What is the best means of getting waypoints from my Garmin Colorado and Oregon into AutoCAD?

I've got AutoCAD version Land Desktop 2004, MapSource Version 6.15.7 and Terrain Navigator Pro version 7.5.

Thanks for any advice.

leszekp


kbellis

Thanks!

That worked fairly well.

Do you know if the coordinate for the point of insertion for the symbol in the dxf is the coordinate of the waypoint? When I compare the UTM values of the waypoint in 1) the Garmin unit, 2) MapSource and 3) AutoCAD, I noted the following:

1) E554150 N4912561 (Garmin)
2) 19 T 554152 4912561 (MapSource)
3) E554152 N4912561 (AutoCAD)

Why would there be  a 2 meter difference in the easting?

leszekp

Should be the waypoint coordinate; don't know why you'd get a 2-meter shift.

Boyd

Don't know if this could be it, but my understanding is that Garmin's map format only supports about 5 meter accuracy (32 bit coordinates IIRC), so 2 meters could be rounding error.

kbellis

Hey Boyd, thanks for the tip - can you point out further reading on this subject?

One of the things I've been playing around with is setting up various user grids wherein specific values for the central meridian are entered for each coordinate system (ddd mm.mmm); e.g., W68d30.000'. Invariably, the next time I'm looking at this field the last place has changed; i.e., 30.001' - as an example. But there are times, when it stays put at 30.000'.

Now mind you, I'm not trying to make a silk purse out of my CO or OR, but to just better understand their limitations.
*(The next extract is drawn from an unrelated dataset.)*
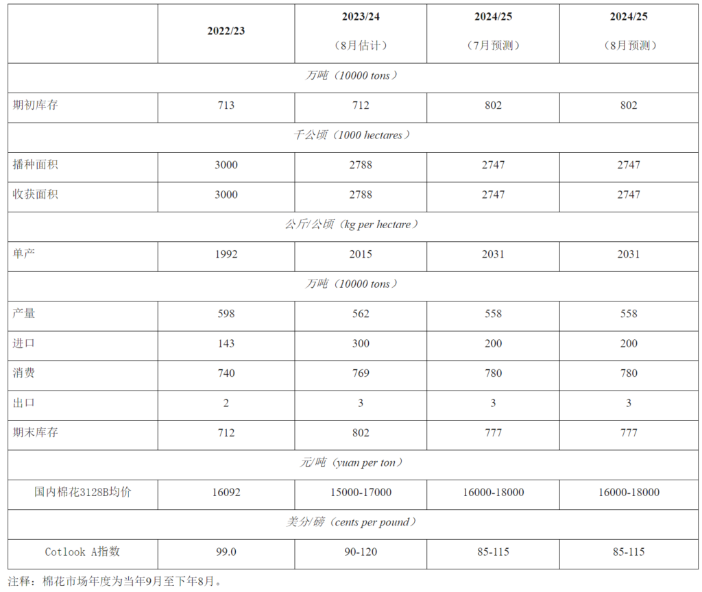 棉花:本月对中国棉花供需形势预测与上月保持一致。目前,大部棉花处于开花结铃期至裂铃吐絮期。新疆棉区综合气象条件适宜,棉花长势总体好于上年。当前棉花供给较为充裕,随着棉纺织市场“金九银十”开始备货,棉花需求有望逐步回升。全球棉花增产预期较强,需求存在较大不确定性,国际棉价维持低位震荡。后期需关注天气对各主产国棉花产量的影响。
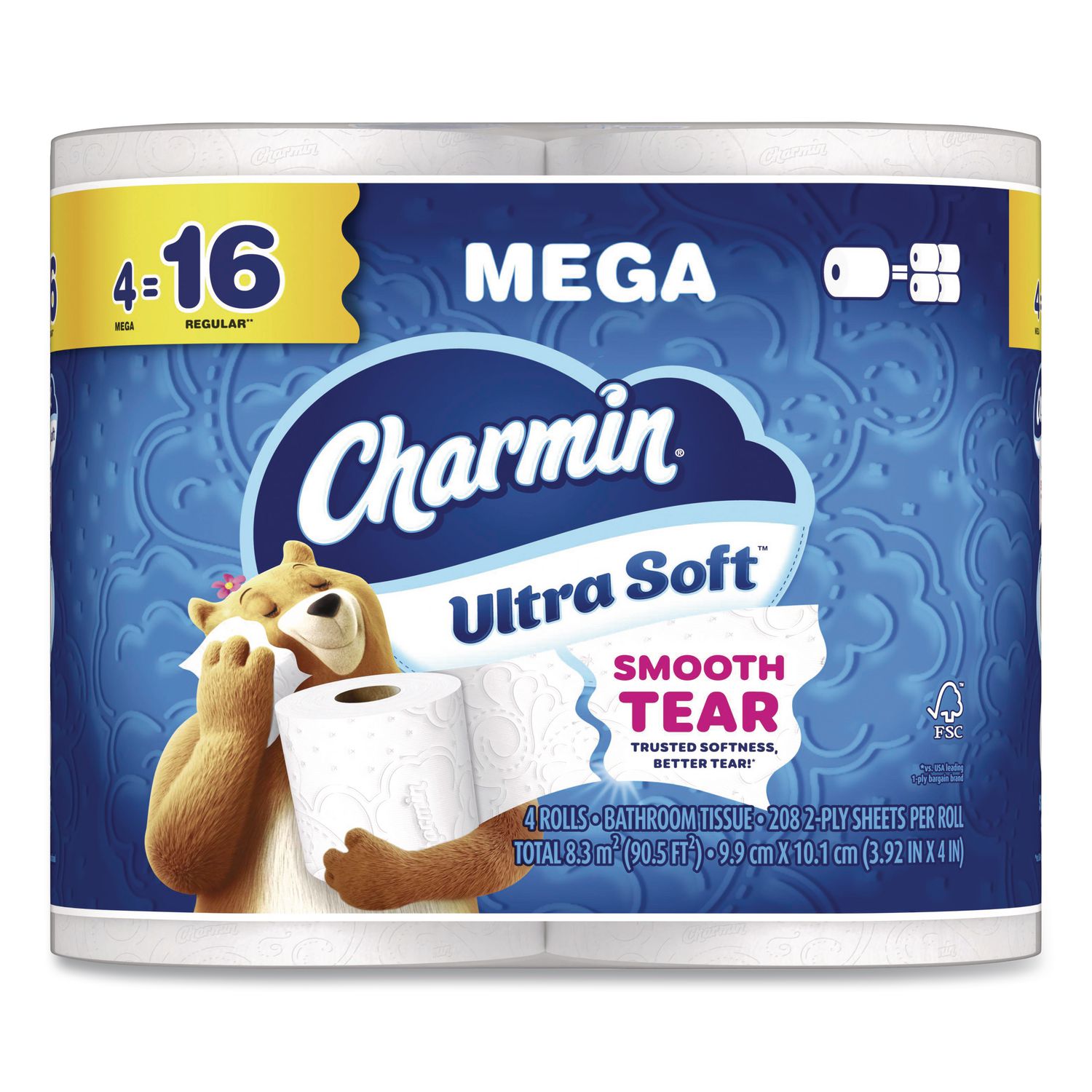 Outstanding quality, softness and strength. Diamond weave texture. Safe for sewer and septic systems. More absorbent so you use less. Mega Roll. Tissue Type: Toilet; Number of Plies: 2; Number of Sheets: 208/Roll; Width: 4″.

In conversations with another surveyor on the subject of setting up SPC on Garmins, limitations due to Garmin's rounding rules may have evolved somewhat from those rules used 10 years ago or more.

Boyd

Looks like it's 24 bits.... See page 23 here: http://cgpsmapper.com/download/GM8DocV2.pdf

QuoteWhen declaring the location of objects in the world, the highest precision available uses 24 bits of resolution, which resolves to an accuracy of about 2.5 meters. Consumer GPS units have a best-case accuracy of about 8 meters. The header attribute of Level0=24 means that objects declared at level 0 will be stored with 24-bit accuracy, or a location of +- 2.5m.

If you look at Garmin's handheld specs, they only claim accuracy of 10 meters. I have played around a lot "surveying" my own land, and this is probably a reasonable expectation over the long haul. Sometimes you do get better results, but probably not on a consistent basis.

So if you have a stake in the ground at a known location, this means every time you visit it, your position should be reported within a circle that has a 10m (33 foot) radius. However, it would be possible for two of those readings to be 20m (66 feet) apart and still be within spec (one reading could be 10m south of the stake and another 10m north of it).

So (IMO) an error of 2 meters is not going to matter very much if you're using data from consumer handheld GPS'es. That should be less than the "noise" in the data.